I hope those of you computer scientists and language designers think about this and avoid list comprehension in your language.
plain text version follows.
-------------------------------------------------- What's List Comprehension and Why is it Harmful?
Xah Lee, 2010-10-14
This page explains what is List Comprehension (LC), with examples from several languages, with my opinion on why the jargon and concept of “list comprehension” are unnecessary, redundant, and harmful to functional programing. What is List Comprehension?
Here's a example of LC in python:
S = [2*n for n in range(0,9) if ( (n % 2) == 0)] print S # prints [0, 4, 8, 12, 16]
It generates a list from 0 to 9, then remove the odd numbers by 「( (n % 2) == 0), then multiply each element by 2 in 「2*n」, then returns a list.
Python's LC syntax has this form:
[myExpression for myVar in myList if myPredicateExpression]
In summary, it is a special syntax for generating a list, and allows programers to also filter and apply a function to the list, but all done using expressions.
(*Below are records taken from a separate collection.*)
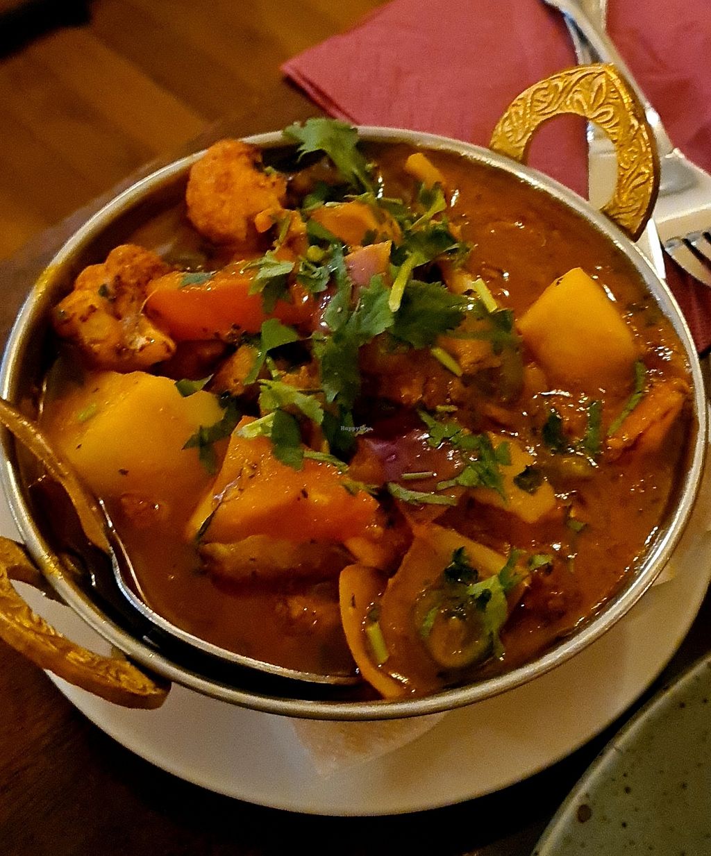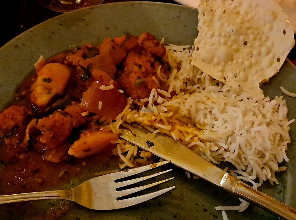 We were here on a Saturday night and there weren't many people, apart from us there were two other parties, but after reading google reviews it seems that lunch is their big thing. There were a dozen vegetarian dishes, half of which were vegan, such as aaloo gobhi, channa masala and dahl. Unfortunately they didn't have vegan naan so I ordered papadam instead. The food was tasty and we would love to go there again!
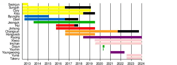 On November 2, Choeun Entertainment made a statement confirming that as of July 6, 2017, Hui had officially left the group, it was also confirmed that Daeil was no longer a member, and that Sungoh's future with the company is to be discussed after he completes his mandatory military service. The remaining six members participated in the JTBC's Survival show Mix Nine.[15]
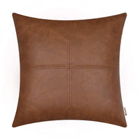 Brawarm Faux Leather Throw Pillow Covers 20 X 20 Inches, Brown Leather Pillow Cover, Hand Stitched Leather Decorative Pillow Cov
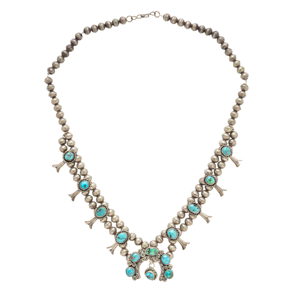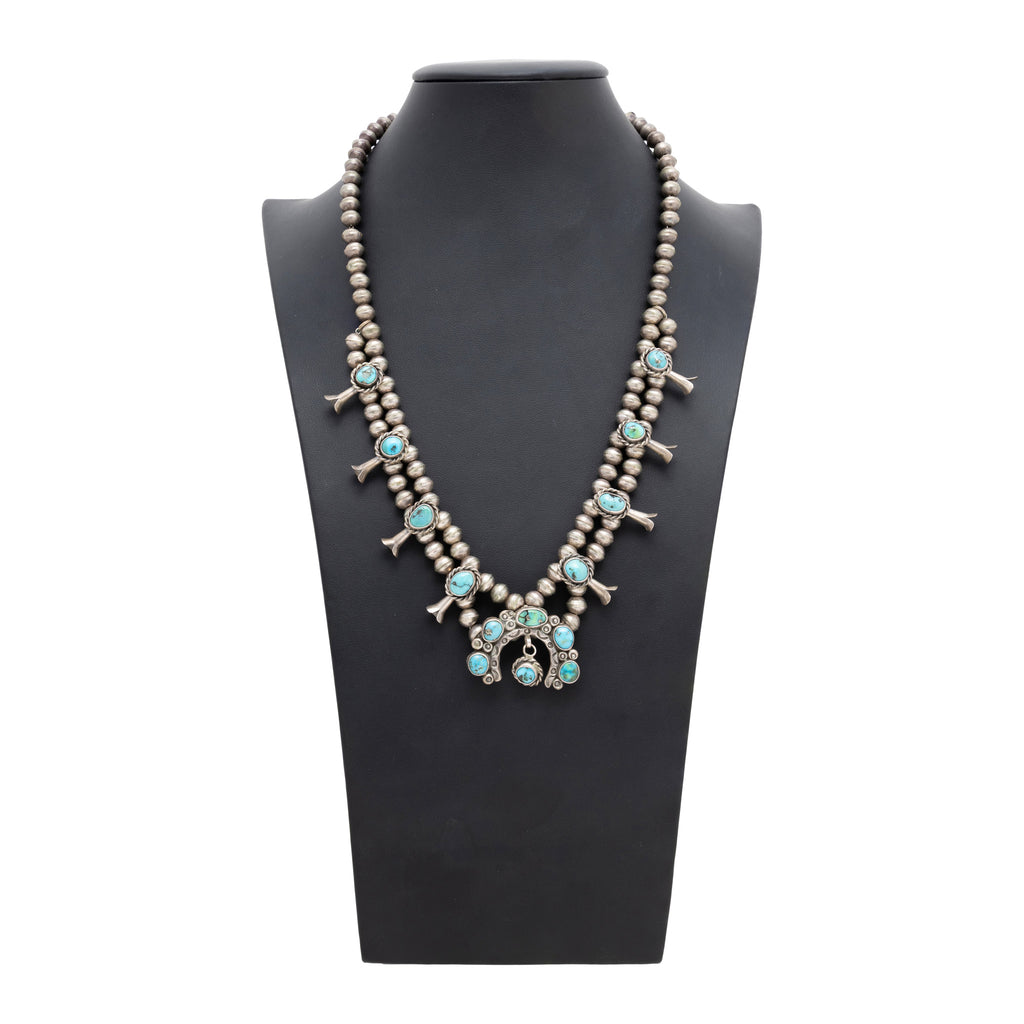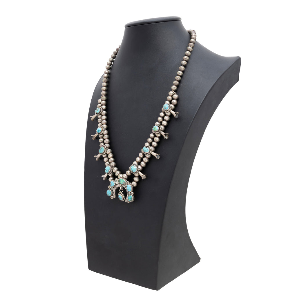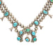 Navajo sterling silver and Kingman turquoise squash blossom. Eight petals turquoise beads and twisted rope border ending in matching naja with additional six stones. Strung on double sterling silver beaded chain. No maker's mark. Petit and lightweight. 24"L plus 1 1/2" naja
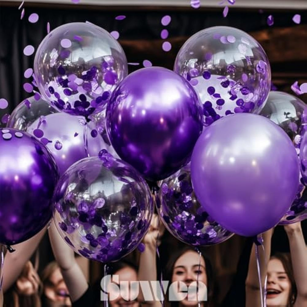 This 47-piece Purple Confetti Balloon Set is perfect for creating elegant and festive decorations for a variety of occasions. The set includes 30 metallic purple 10-inch balloons, 15 purple confetti 12-inch balloons, a garland strip, dot glue, and a silver ribbon, giving you enough to create a small balloon garland—though combining two or more sets is recommended for a larger display. Ideal for birthdays, graduations, baby showers, weddings, anniversaries, engagements, and other themed parties, these balloons also serve as stunning photo props when arranged over walls, trees, doorways, or tables. Made from high-quality natural latex from rubber trees, the balloons are eco-friendly, biodegradable, thick, stretchy, and durable with a shiny metallic finish. For best results, inflate balloons slowly to 90% capacity to prevent bursting and store in a cool place to maintain their vibrant luster.

In functional notation, list comprehension is doing this:
map( f, filter(list, predicate))
Other languages's LC are similiar. Here are some examples from Wikipedia. In the following, the filter used is 「x^2 > 3」, and the 「2*x」 is applied to the result. javascript
Number.prototype.__iterator__ = function() { for (let i = 0; i < this; i++) yield i} var s = [2*i for (i in 100) if (i*i > 3)]
Haskell
s = [ 2*x | x <- [0..], x^2 > 3 ]
F#
seq { for x in 0..100 do if x*x > 3 then yield 2*x } ;;
(loop for x from 1 to 20 when (> (* x x) 3) collect (* 2 x))
Erlang
S = [2*X || X <- lists:seq(0,100), X*X > 3].
Scala
val s = for (x <- Stream.from(0); if x*x > 3) yield 2*x
Here's how Wikipedia explains List comprehension. Quote:
A list comprehension is a syntactic construct available in some programming languages for creating a list based on existing lists.
The following features makes up LC:
* (1) A flat list generator, with the ability to do filtering and applying a function. * (2) Usually, a special syntax in the language. * (3) The syntax uses expressions, as opposed to using functions as parameters.
Why is List Comprehension Harmful?
• List Comprehension is a bad jargon; thus harmful to functional programing or programing in general. It hampers communication, and encourage mis-understanding.
• List Comprehension is a redundant concept in programing. What List Comprehension does is simply 「map(func, filter(list, predicate))」.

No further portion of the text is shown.